I considered that in concert with using a combobox in the Associate Proteins dialog rather than 2 checkboxes. It was easier to implement as just an additional checkbox, and I didn't see a significant reason to prefer a combobox, but if you see one then I'm happy to consider it.

pwiz_tools/Skyline/CommandArgs.cs

chambm · 2023-11-01T16:48:28Z

pwiz_tools/Skyline/Model/Proteome/ProteinAssociation.cs

+
+                    return new FastaRecord(longestProtein.RecordIndex, 0,
+                        new FastaSequence(longestProtein.Sequence.Name, longestProtein.Sequence.Description, null,
+                            string.Join("", proteinToPeptides.Keys.Select(o => o.Sequence.Sequence))), longestProtein.Metadata);


@brendanx67 This is what I came up with to pick/make a protein sequence that contains all the member peptides. It will use the longest sequence of the group if it contains all the peptides, and if it doesn't then it'll concatenate all the protein sequences together. Some alternatives might be: concatenate all the peptides instead of the proteins, or only concatenate enough proteins to contain all the peptides (i.e. a parsimonious approach to concatenating).

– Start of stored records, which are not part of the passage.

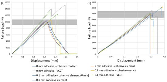 In Figure 10a, it can be observed that among the seven modeling strategies for ductile adhesive 2015, the failure-load predictions for both VCCT approaches with zero and nonzero adhesive thickness significantly exceed the range of experimental values. In addition, sudden-drop failure curves are observed that do not capture the force-displacement curve of ductile adhesive obtained from the experiments [35]. On the other hand, although the other five CZM modeling strategies exhibit subtle discrepancies regarding the failure-load prediction regardless of the adhesive thickness, they are all in good agreement with the failure load and the force-displacement curve in experiments [35]. Thus, it can be observed that, regardless of whether the adhesive thickness is considered, the VCCT approach appears to be less suitable than the CZM approach for predicting the failure load of the ductile adhesive. It is suggested that these five CZM modeling strategies all predict the failure load of ductile adhesive without observing the significant effect of mesh sensitivity.
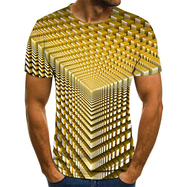 More information about Men's Graphic Geometric 3D Shirt T Shirt Tee Short Sleeve T shirt Round Neck Shirt Streetwear Exaggerated Designer Holiday Going out Light Green Pink Royal Blue Clothing Apparel Plus Size S M L XL
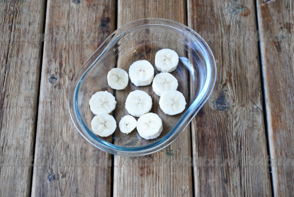 С помощью вилки размять нарезанный банан.
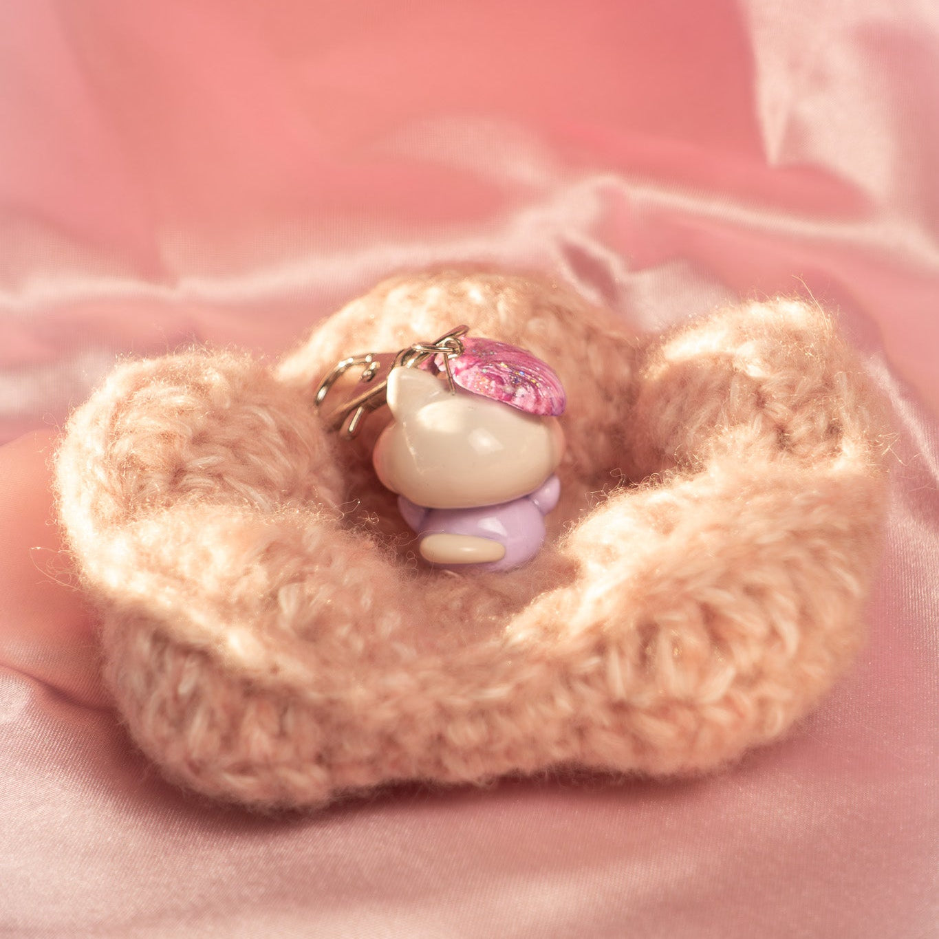 Introducing EVY—a sparkly purple keychain inspired by the quiet joy of creative hands at work. Perfect for crochet enthusiasts, sewing lovers, and anyone who finds peace in handmade crafts, this playful accessory captures EVY's calm spirit and love of all things shimmery. Keep your keys close and your creative energy closer with this delightful little charm that celebrates the magic of making something beautiful.

Or throw this hacky workaround away and go back to the drawing board, making gene group a new FastaSequenceGroup that allows its peptides to map to only some of the parent's FastaSequenceList. I honestly don't know how much work that would be though.

* bumped schema to 23.12 for gene level parsimony * fixed Skyline build system to copy vendor DLLs to both Debug and Release directories so vendor reader tests don't fail in Debug config * removed MinPeptidesPerProtein test from TestHugeAssociateProteins because it's now hidden in the Refine -> Associate Proteins dialog

chambm · 2024-01-03T20:57:15Z

@brendanx67 Good to go for this PR?

…ptions * greatly improved speed by using Nick's ReferenceValue for PeptideDocNodes * fixed issues with cancellation in some parsimony calculations

…ocNode" because reference equality was not actually being used. Check for cancellation in loop which digests every protein sequence.

…k/20231025_gene_level_parsimony

nickshulman

Looks very nice.

Here are some comments.
The only comments that I actually care about are the two where "Distinct" is being called on a list of PeptideDocNode objects.
Feel free to ignore all my other comments.

pwiz_tools/Skyline/EditUI/AssociateProteinsDlg.cs

pwiz_tools/Skyline/Model/Proteome/ProteinAssociation.cs

nickshulman · 2024-01-16T21:05:05Z

pwiz_tools/Skyline/Model/Proteome/ProteinAssociation.cs

@@ -561,11 +610,65 @@ public void ApplyParsimonyOptions(bool groupProteins, bool findMinimalProteinLis
            _finalResults.FinalSharedPeptideCount = sharedPeptidesRemaining.Values.Sum();
        }

-        private Dictionary<IProteinRecord, PeptideAssociationGroup> CalculateProteinGroups(MappingResultsInternal results, ILongWaitBroker broker)
+        public class GeneLevelEqualityComparer : EqualityComparer<IProteinRecord>


Instead of writing an EqualityComparer, I probably would have written a new class called "GeneOrProteinSequence" which I used as the Key in the dictionary.
The reason is that it's easier to understand what is going on if the dictionary has a completely different key type, compared to if it has a special EqualityComparer.

But, this way is fine, too.

After I wrote this, I realized I could have just used the gene name (or protein name if gene isn't set) as the key. Does that seem sensible to you as well?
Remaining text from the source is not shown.